▸ **TASK**
Lines from the one with "Capsule 1942 è un" up to and including the one with "スコアターゲットが描かれたベストを着用して水鉄砲で打ち合いをすると楽しさ倍増!" are to be copied exactly from the records below, without their pictures.

▸ **SOURCE RECORDS**
__________________________________________________

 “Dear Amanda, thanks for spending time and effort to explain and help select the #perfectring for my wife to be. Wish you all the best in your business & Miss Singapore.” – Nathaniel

__________________________________________________

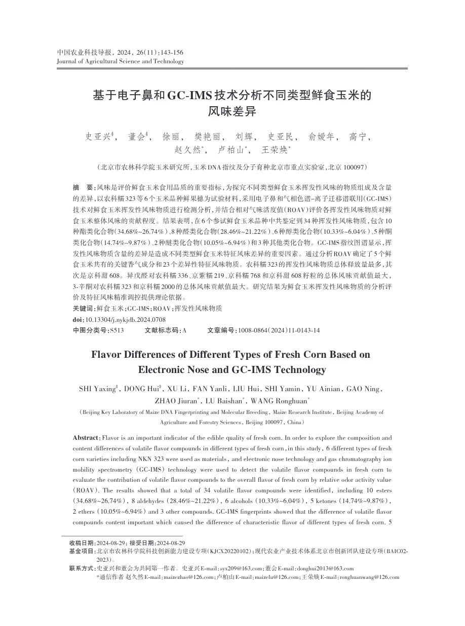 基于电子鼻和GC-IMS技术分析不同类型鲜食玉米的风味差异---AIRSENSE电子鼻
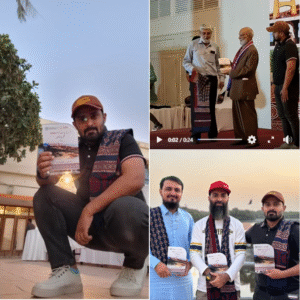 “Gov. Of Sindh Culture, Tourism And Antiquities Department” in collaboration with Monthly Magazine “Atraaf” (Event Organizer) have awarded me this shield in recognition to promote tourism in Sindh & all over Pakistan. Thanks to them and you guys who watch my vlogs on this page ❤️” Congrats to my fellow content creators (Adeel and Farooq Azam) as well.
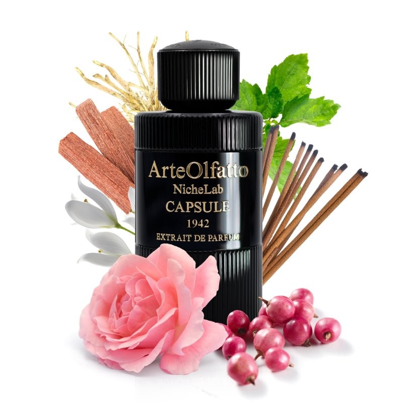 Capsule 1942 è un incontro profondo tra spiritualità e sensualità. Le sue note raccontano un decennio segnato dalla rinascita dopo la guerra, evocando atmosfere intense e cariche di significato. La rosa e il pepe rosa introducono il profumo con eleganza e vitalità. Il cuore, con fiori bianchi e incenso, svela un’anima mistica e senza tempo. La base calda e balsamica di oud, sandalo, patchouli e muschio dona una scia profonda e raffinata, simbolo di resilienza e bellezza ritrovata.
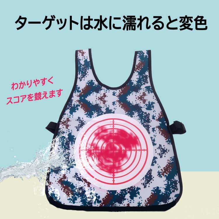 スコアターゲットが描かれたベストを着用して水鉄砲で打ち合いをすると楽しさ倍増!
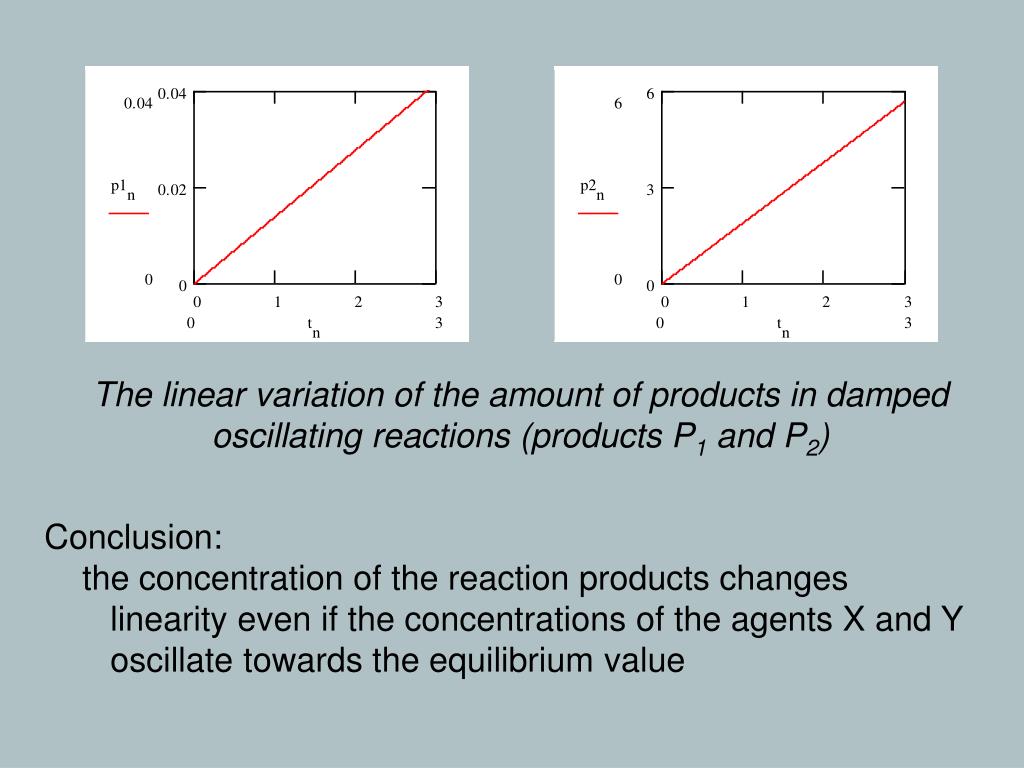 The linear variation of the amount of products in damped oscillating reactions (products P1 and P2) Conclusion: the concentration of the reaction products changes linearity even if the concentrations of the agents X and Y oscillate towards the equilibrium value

__________________________________________________

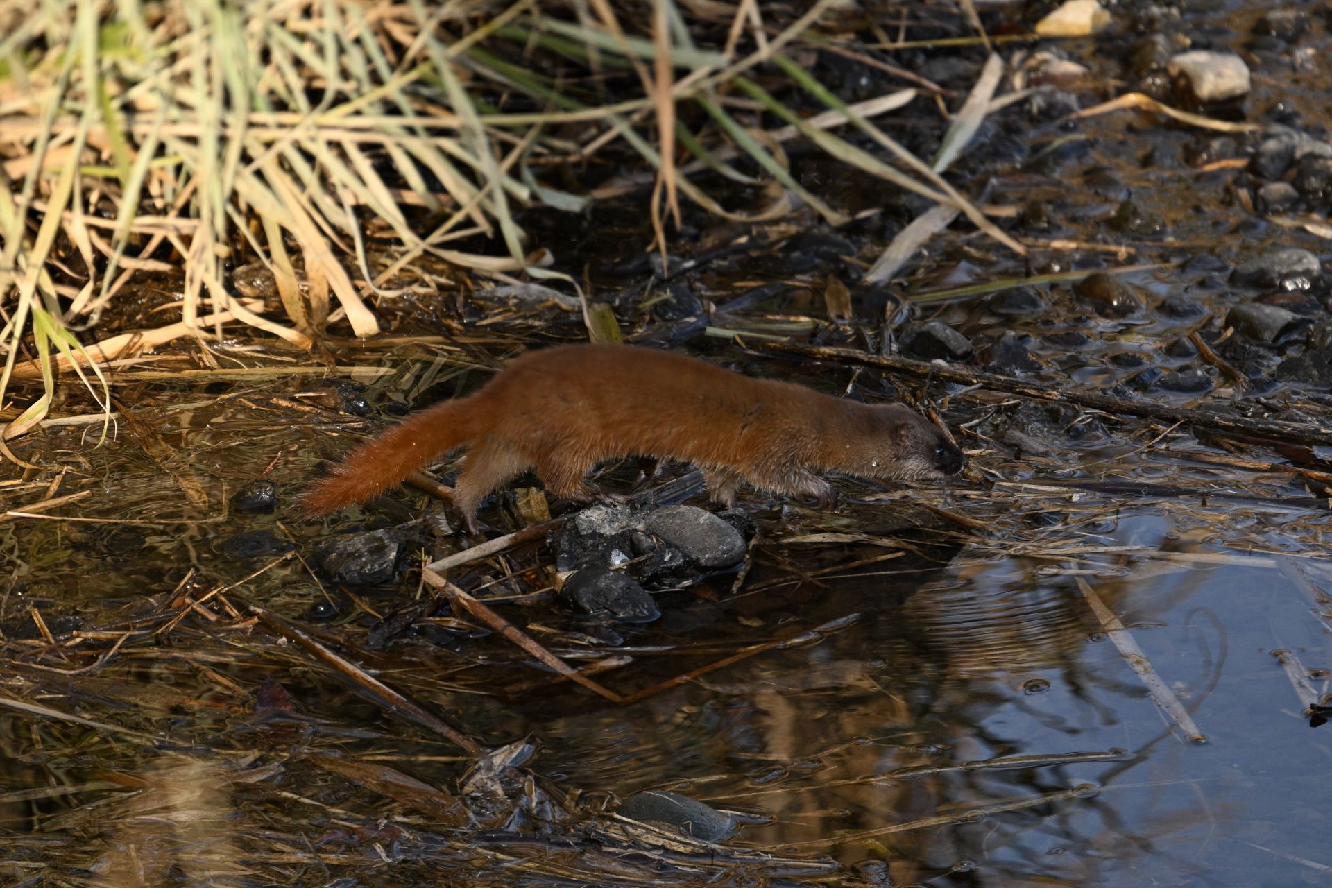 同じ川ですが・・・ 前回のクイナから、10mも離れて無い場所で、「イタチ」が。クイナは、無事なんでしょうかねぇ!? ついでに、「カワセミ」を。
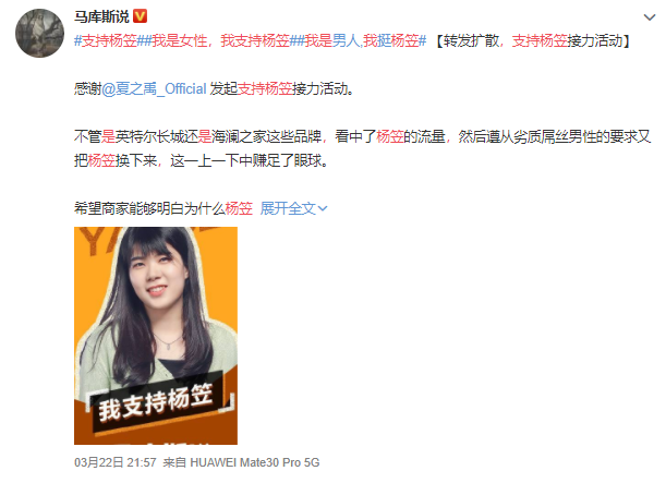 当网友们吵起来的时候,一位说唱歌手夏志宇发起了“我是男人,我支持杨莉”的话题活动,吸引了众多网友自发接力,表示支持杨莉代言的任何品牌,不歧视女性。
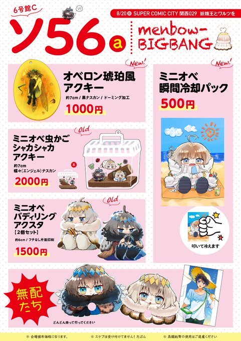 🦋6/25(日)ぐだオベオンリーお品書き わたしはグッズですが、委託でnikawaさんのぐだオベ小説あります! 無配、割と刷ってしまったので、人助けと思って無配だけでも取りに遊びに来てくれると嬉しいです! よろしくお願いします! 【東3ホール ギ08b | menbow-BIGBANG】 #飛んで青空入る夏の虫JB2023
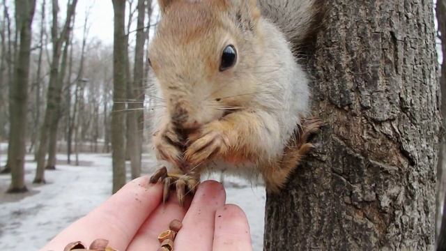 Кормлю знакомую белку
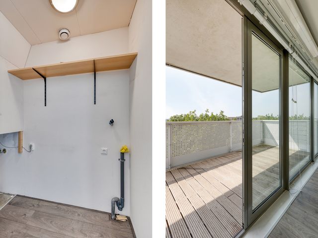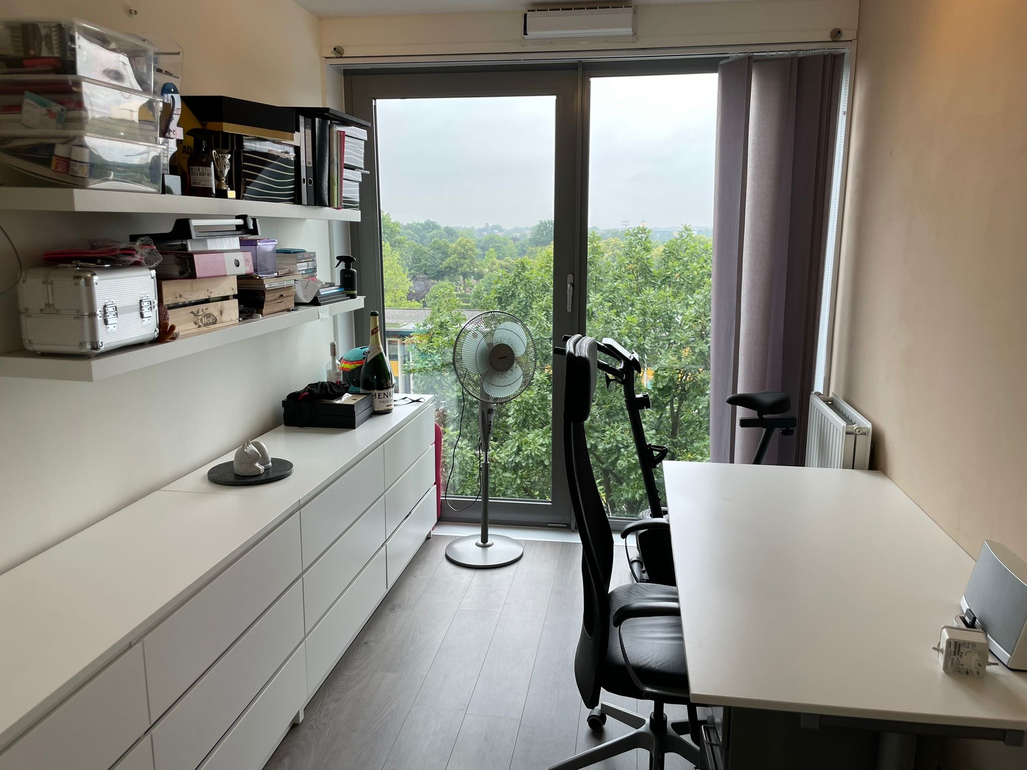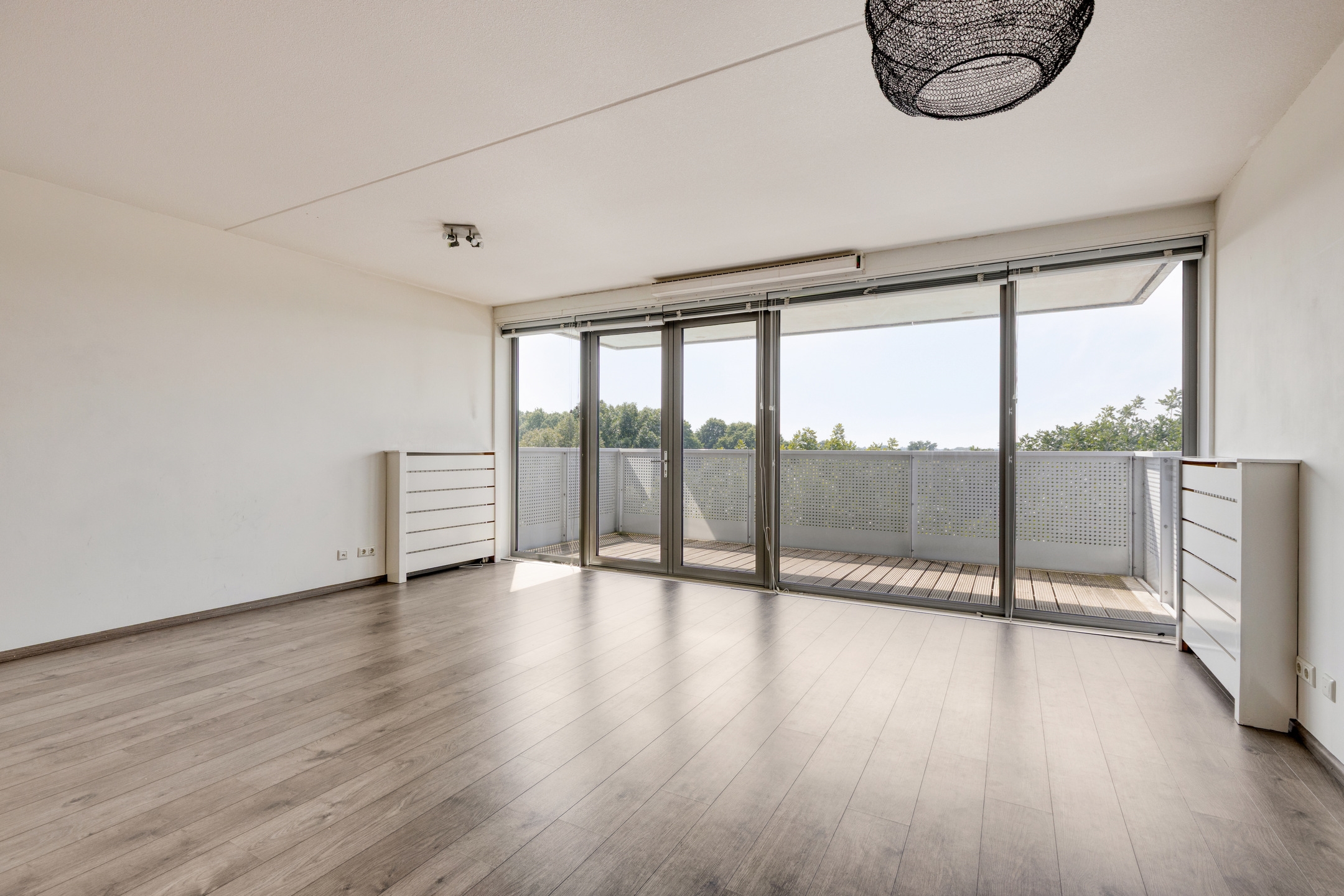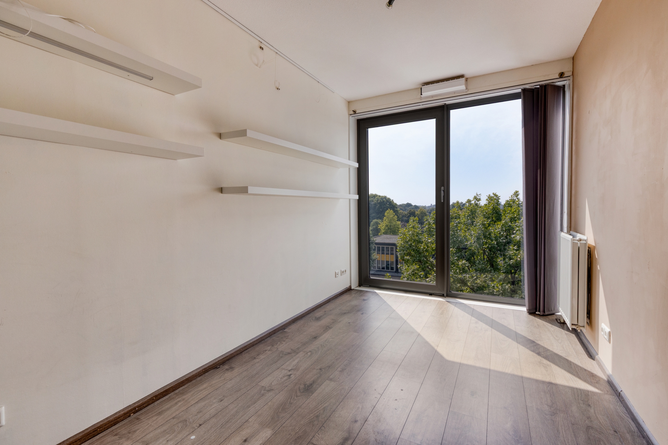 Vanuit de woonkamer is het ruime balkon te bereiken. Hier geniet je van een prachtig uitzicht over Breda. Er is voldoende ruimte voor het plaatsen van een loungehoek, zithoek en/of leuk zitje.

__________________________________________________

▸ **COMPLETED TASK**
 Capsule 1942 è un incontro profondo tra spiritualità e sensualità. Le sue note raccontano un decennio segnato dalla rinascita dopo la guerra, evocando atmosfere intense e cariche di significato. La rosa e il pepe rosa introducono il profumo con eleganza e vitalità. Il cuore, con fiori bianchi e incenso, svela un’anima mistica e senza tempo. La base calda e balsamica di oud, sandalo, patchouli e muschio dona una scia profonda e raffinata, simbolo di resilienza e bellezza ritrovata.
 スコアターゲットが描かれたベストを着用して水鉄砲で打ち合いをすると楽しさ倍増!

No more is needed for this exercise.